Research Question and Scope

Why this analysis exists

Community timeline threads are most useful when they answer a concrete question rather than merely accumulating anecdotes. The motivating question here is:

For the current public Raleigh/Durham sample, where is the observed delay actually concentrated, and how should an already-interviewed but still-pending case be interpreted?

The repository already publishes the right raw artifacts. What it needed was a reader path.
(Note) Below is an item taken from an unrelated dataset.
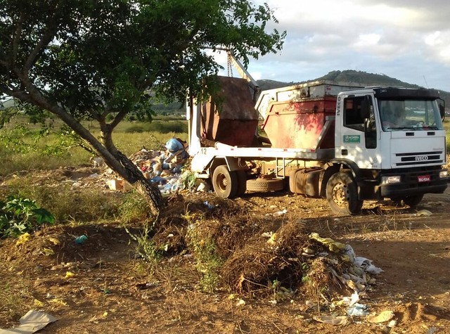 Caminhão despejando irregularmente o lixo no antigo depósito, em Palmeira dos Índios, AL (Foto: Josineide Soares/Arquivo Pessoal)
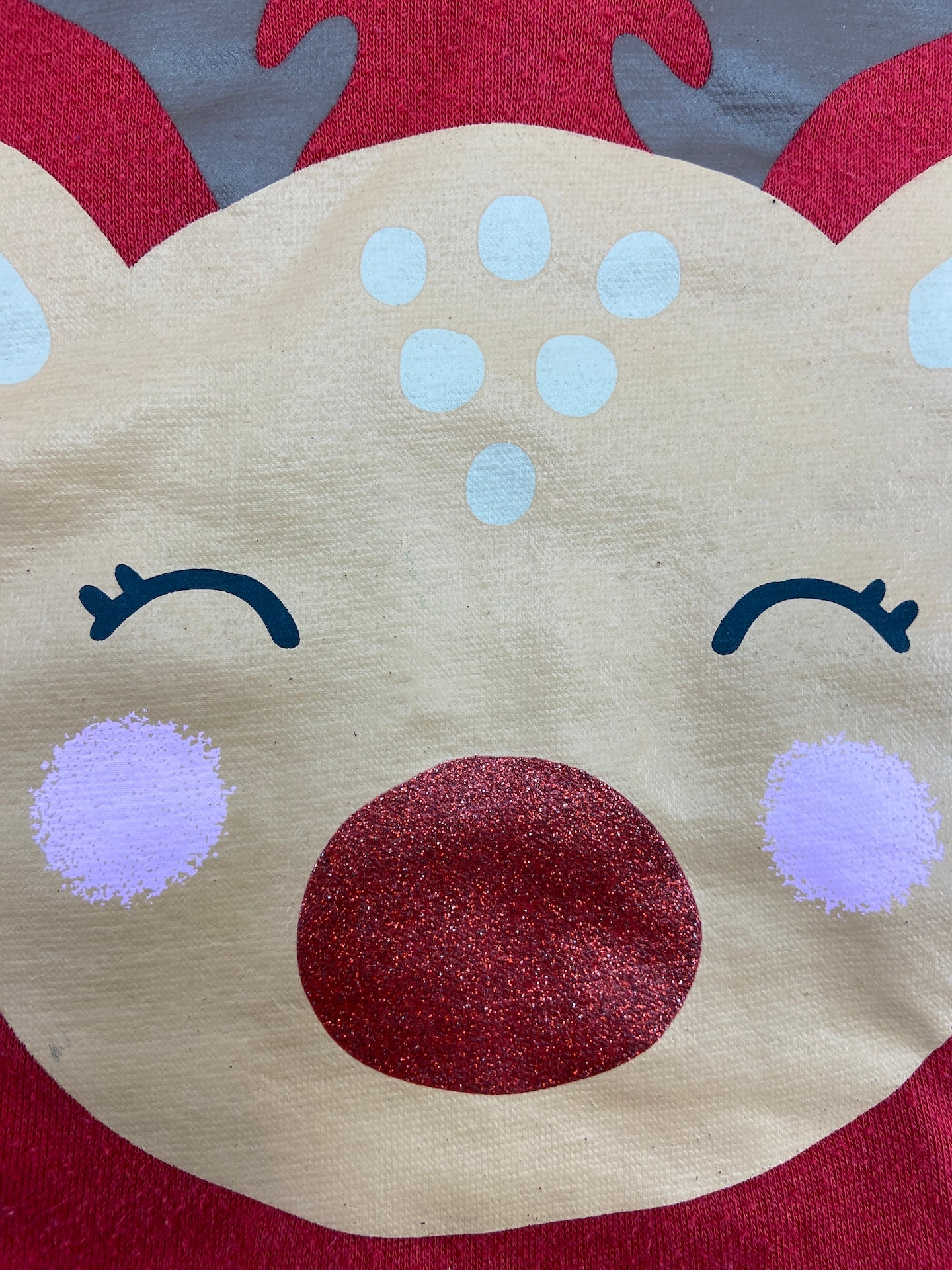 Sweat com rena Rodolfo estampada com brilhantes no nariz.

This page defines the question, key-findings.md answers it, and pending-cases.md explains how to read the open tail without discarding censored cases.

Current snapshot

As of analysis date 2026-03-15:

filtered RDU cases: 47
closed cases: 29
pending cases: 18
receipt years represented: 2023, 2024, 2025
interview years represented: 2024, 2025, 2026
office filter: field_office == Raleigh/Durham

The canonical public dataset lives in data/canonical/rdu_timeline_data.csv; the exact filtered input used for the current site build is published at results/latest/processed/dataset_filtered.csv.

What this site can and cannot identify

This is a versioned observational sample, not a population frame. It is useful for describing the current public signal, comparing cohorts, and updating pending-case probabilities under explicit assumptions. It is not a substitute for USCIS administrative data, and it is not legal advice.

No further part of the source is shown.